Executive Development Blog

Five Steps to Bring Mindfulness Into Your Meetings

Posted by UNC Executive Development on Jun 30, 2015 12:20:21 PM

Meetings are a good place to encourage mindfulness because it encourages participants to stay in the present and to not react too quickly to information. It also encourages new perspectives to be explored before making decisions. Here are five steps HR and talent management professionals can take to foster more mindful meetings in their organizations.

mindful_meeting

1. Encourage meeting participants to conduct a self-check before the meeting. Instruct all participants to ask themselves “What mental state am I in?” By becoming more aware of their mental state, they can choose the state they want to be in during the meeting.

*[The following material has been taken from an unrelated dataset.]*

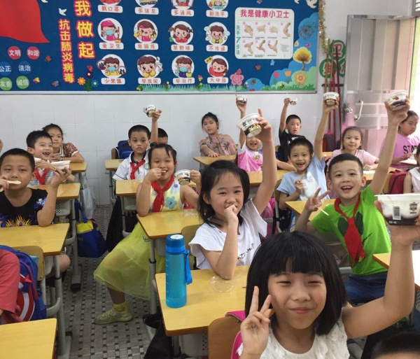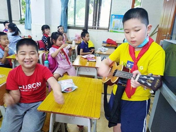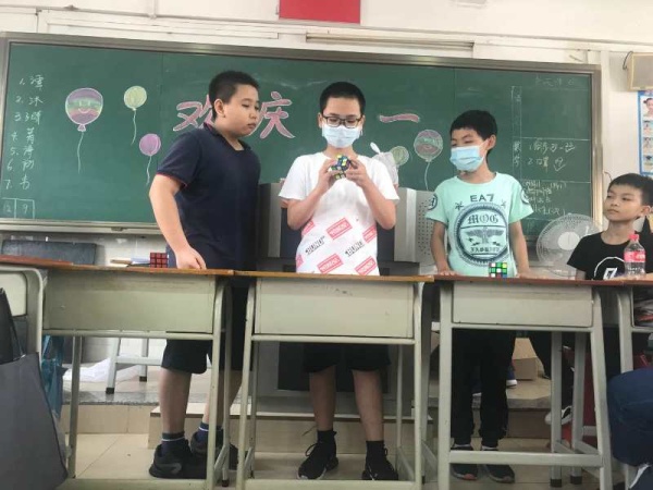 為了讓學(xué)生過得更快樂、更開心、更放松心情,學(xué)校允許學(xué)生當天可以穿自己最喜歡的衣服,午餐加菜,每人增加一只烤雞翅,下午為每個孩子送一個雪糕,下午第1節(jié)課的時間各班舉行小型慶?;顒樱械陌嗉夐_展智多星轉(zhuǎn)起來,讓六一節(jié)增加了不少色彩;有的班級為特殊的六一干一杯,祝福偉大的祖國,疫情過后咱們又得以重返校園;有的班級進行“我也來出個小謎語考考大家”活動,同學(xué)們躍躍欲試,你出我猜,甚是熱鬧!第2節(jié)課各班同學(xué)在班主任的組織下結(jié)合全省中小學(xué)返校復(fù)學(xué)時間節(jié)點,全省各級少先隊組織以中隊活動的形式,組織全省少先隊員同上一堂隊課,于下午15:00-15:30的時間里統(tǒng)一收看由廣東廣播電視臺少兒頻道播出的廣東省少先隊活動“云隊課”《守護生命的對話》,組織隊員匯報“廣東紅領(lǐng)巾致敬逆行先鋒”活動成果,開展“抗疫小衛(wèi)士章”考章頒章活動,激發(fā)少先隊員從小學(xué)先鋒,長大做先鋒的成長志向。特殊六一,向抗疫先鋒敬禮!
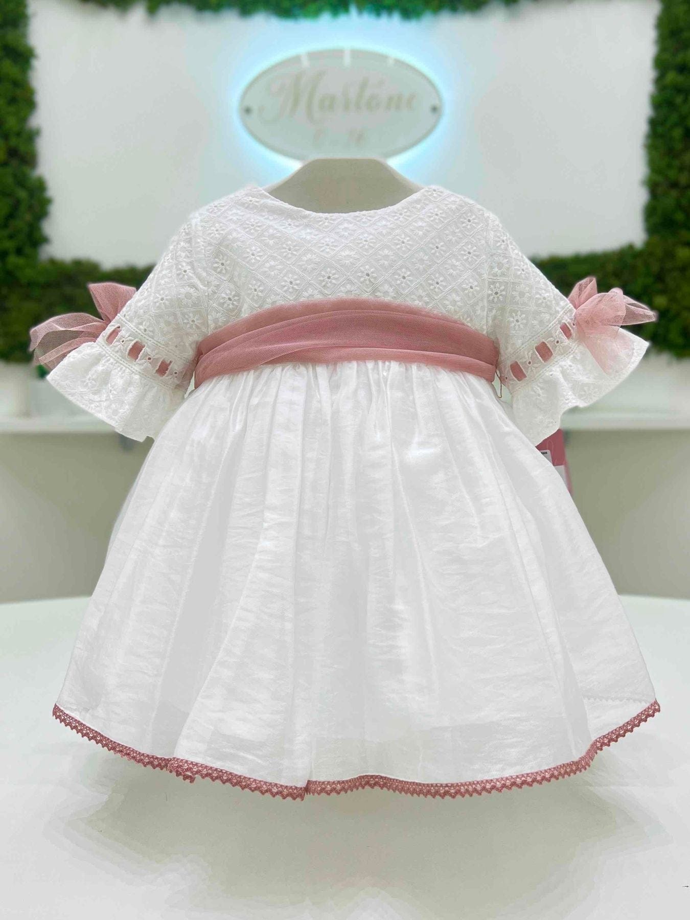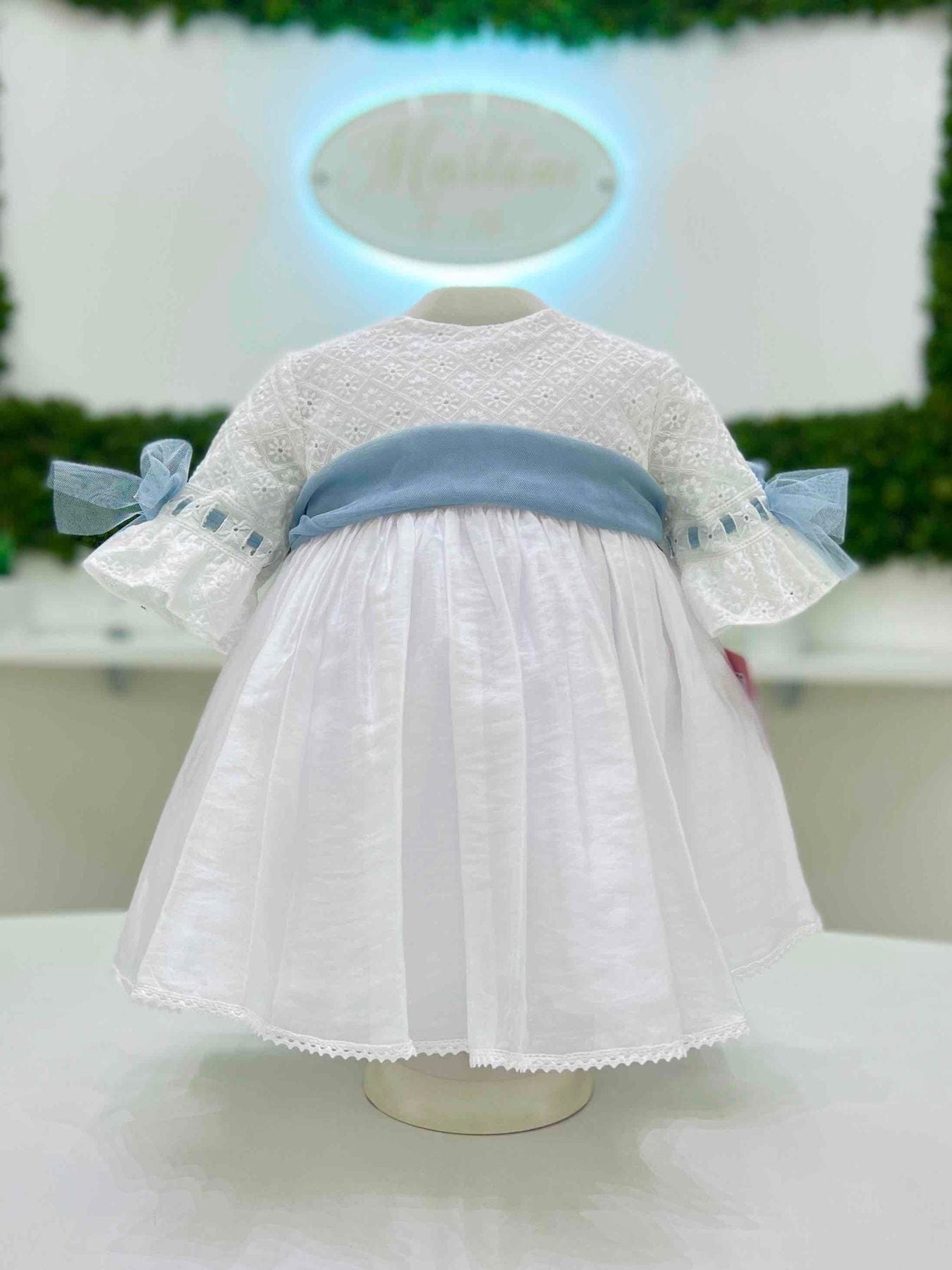 Abitino bimba in cotone con trama ricamata, cintura in tulle con fiocco e fiocchetti sulle maniche.

2. Encourage meeting leaders to conduct a group check-in. Meeting leaders can take five minutes at the start of every meeting and ask each participant to answer the question, “On a scale of 1 to 10, how present are you right now?” This will help participants reflect on where their attention is and prompt them to be in the present moment.

3. Encourage meeting leaders to always state their intentions. This goes beyond stating the usual discussion topics. For example, one intention of a meeting may be to give team members a chance to connect with each other.

4. Encourage meeting leaders to distinguish the meeting parts. Meetings have multiple parts, and it is helpful for participants to know which part they are in.

5. Teach meeting leaders to always wrap the meeting up. Encourage them to take five minutes at the end of each meeting to intentionally create clear agreements about what is going to happen in the future.

                                                                                                                            (Source: Kashen, n.d.)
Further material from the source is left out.